İHRACATTA GERÇEKLEŞEN GÜÇLÜ ARTIŞTA YAPISAL VE KALICI ÖGELERİN AĞIR BASTI: Önümüzdeki döneme ait olarak, ihracat üzerindeki aşağı yönlü riskler bir önceki rapor dönemine göre artmış olmakla birlikte, pandemi sonrasında ihracatımızda gerçekleşen güçlü artışta yapısal ve kalıcı ögelerin ağır bastığını özellikle belirtmek isterim. Haziran 2018’den günümüze, ihracat ölçümüz yaklaşık yüzde 35,4 oranında artarken, gelişmekte olan ve gelişmiş ülkelerdeki ihracat ölçüsü artış oranları, sırasıyla, yüzde 15,8 ve yüzde 3,7 ile hudutlu kalmıştır. İhracat performansımızdaki olumlu ayrışmada, pandemi sonrasındaki süreçte ürün ve ülke çeşitlendirmesi yoluyla artan rekabetçi yapımız tesirli olmuştur. Finansal sistemin ihracatçıları destekleyici rolünü artırmaya yönelik atmış olduğumuz aktif adımlar da bu güçlü performansta belirleyici rol oynamaktadır.
TURİZM SEKTÖRÜNÜN BİRİNCİ SEKİZ AYDAKİ PERFORMANSI MEMNUNİYET VERİCİDİR: Ağustos ayı prestijiyle, yatırım ve ihracat kredilerinin toplam ticari krediler içerisindeki hissesi yüzde 28’i aşarak, son 20 yılın en yüksek düzeyine ulaşmıştır. Dış istikrarın önemli bir ögesi olmasının yanı sıra geniş bir istihdam ve gelir kaynağı da olan turizm sektörünün birinci sekiz aydaki performansı memnuniyet vericidir. Seyahat gelirlerinin 2021 yılına göre aylık bazda yüksek artış kaydettiği ve 2019 yılı sayılarını aştığı görülmektedir. Eylül ayına ilişkin öncü göstergeler, turizm gelirlerindeki güçlü seyrin devam ettiğine işaret etmektedir.

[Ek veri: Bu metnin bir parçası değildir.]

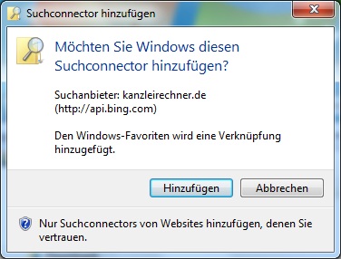 Das neue Betriebssystem Windows 7 von Microsoft wartet mit einigen Neuerungen auf. Darunter eine Funktion, mit der sich externe Quellen für eine Suche direkt in den Windows Explorer integrieren lassen. Die Integration beruht auf dem "OpenSearch" Standard und setzt einen entsprechenden "Connector" voraus, der inzwischen für viele Such-Quellen erhältlich ist. Im Download-Bereich der kanzleirechner.de Webseiten wird nun ein solcher Connector für die Suche in www.kanzleirechner.de (über die Microsoft-Suchmaschine Bing) mit dem Windows 7 Explorer bereitgestellt. |

TÜKETİCİ FİYATLARI ÖNGÖRDÜĞÜMÜZ ORANDA ARTTI: Tüketici fiyatları eylül ayında yıllık bazda yüzde 83,5 oranında artmış ve temmuz ayı enflasyon raporunda öngördüğümüz patikanın orta noktasına yakın gerçekleşmiştir. Yıllık bazda çekirdek enflasyon göstergeleri ise nispeten daha olumlu bir görünüm sergilemektedir. B ve C endekslerinin aylık değişim oranlarında son aylarda bir ölçü yavaşlama gerçekleşmiştir. Enflasyonun dağılımına yönelik hesapladığımız alternatif çekirdek enflasyon göstergeleri de B ve C endekslerinin aylık artışlarında gözlediğimiz bu ölçülü yavaşlamayı teyit etmektedir. TÜFE yayılım endeksinde de üçüncü çeyrekte bir ölçü gerileme gerçekleşmiştir.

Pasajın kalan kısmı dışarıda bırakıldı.